4. The image processing method of claim 1, wherein the image with machine-unrecognizable distortion is generated by adding distortion corresponding to a characteristic of a machine vision task to the input image.

5. The image processing method of claim 4, wherein the distortion corresponding to the characteristic of the machine vision task includes de-texturization, edge detection, or de-colorization.

6. The image processing method of claim 5, wherein the image with machine-unrecognizable distortion is an image to which multiple distortion components are added.

7. The image processing method of claim 1, further comprising:

transmitting information about distortion added to an encoded image and the image with machine-unrecognizable distortion.

8. The image processing method of claim 7, further comprising:

decoding the encoded image; and

reducing strength of the distortion based on the information about the distortion and a characteristic of a machine vision task.

9. An image processing apparatus for machine vision, comprising:

an image-processing unit for generating an image with machine-unrecognizable distortion based on an input image; and

an encoding unit for encoding the image with machine-unrecognizable distortion.

10. The image processing apparatus of claim 9, wherein the image-processing unit generates the image with machine-unrecognizable distortion using a deep learning network.
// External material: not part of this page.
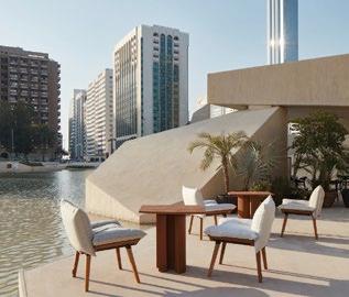 It’s as close to experiencing the Cyclades as you’ll get without hopping on the sixhour flight to Santorini or Mykonos. The buildings, in beautiful white stone, are all curved lines and split levels, designed to replicate the hotel’s moniker destination with pretty magenta bougainvillea plants and olive trees dotted throughout the grounds. Endless shades of white are laced with light woods and soft shades of turqouise inspired by the coastline, which can be enjoyed from almost every room thanks to the big French windows that flood all the spaces with bright natural light.

11. The image processing apparatus of claim 10, wherein the deep learning network is trained based on:

a first loss function corresponding to a generation error between the input image and the image with machine-unrecognizable distortion,

a second loss function corresponding to a difference in performance between results obtained by individually performing a machine vision task on the input image and the image with machine-unrecognizable distortion, and

a third loss function corresponding to a difference between coding bit amounts of the input image and the image with machine-unrecognizable distortion.

12. The image processing apparatus of claim 9, wherein the image with machine-unrecognizable distortion is generated by adding distortion corresponding to a characteristic of the machine vision task to the input image.

13. The image processing apparatus of claim 12, wherein the distortion corresponding to the characteristic of the machine vision task includes de-texturization, edge detection, or de-colorization.

14. The image processing apparatus of claim 13, wherein the image with machine-unrecognizable distortion is an image to which multiple distortion components are added.

15. The image processing apparatus of claim 12, further comprising:

a transmission unit for transmitting information about distortion added to an encoded image and the image with machine-unrecognizable distortion.

16. An image processing apparatus for machine vision, comprising:

a reception unit for receiving an encoded image with machine-unrecognizable distortion;

a decoding unit for decoding the received image with machine-unrecognizable distortion; and

a distortion reduction unit for reducing strength of distortion of the decoded image with machine-unrecognizable distortion.

17. The image processing apparatus of claim 16, wherein the reception unit receives information about distortion added to the image with machine-unrecognizable distortion, along with the image with machine-unrecognizable distortion.

18. The image processing apparatus of claim 17, wherein the distortion added to the image with machine-unrecognizable distortion includes de-texturization, edge detection, or de-colorization.

19. The image processing apparatus of claim 18, wherein the distortion reduction unit reduces the strength of the distortion based on the information about the distortion and a characteristic of a machine vision task.

20. The image processing apparatus of claim 18, wherein the image with machine-unrecognizable distortion is an image to which multiple distortion components are added.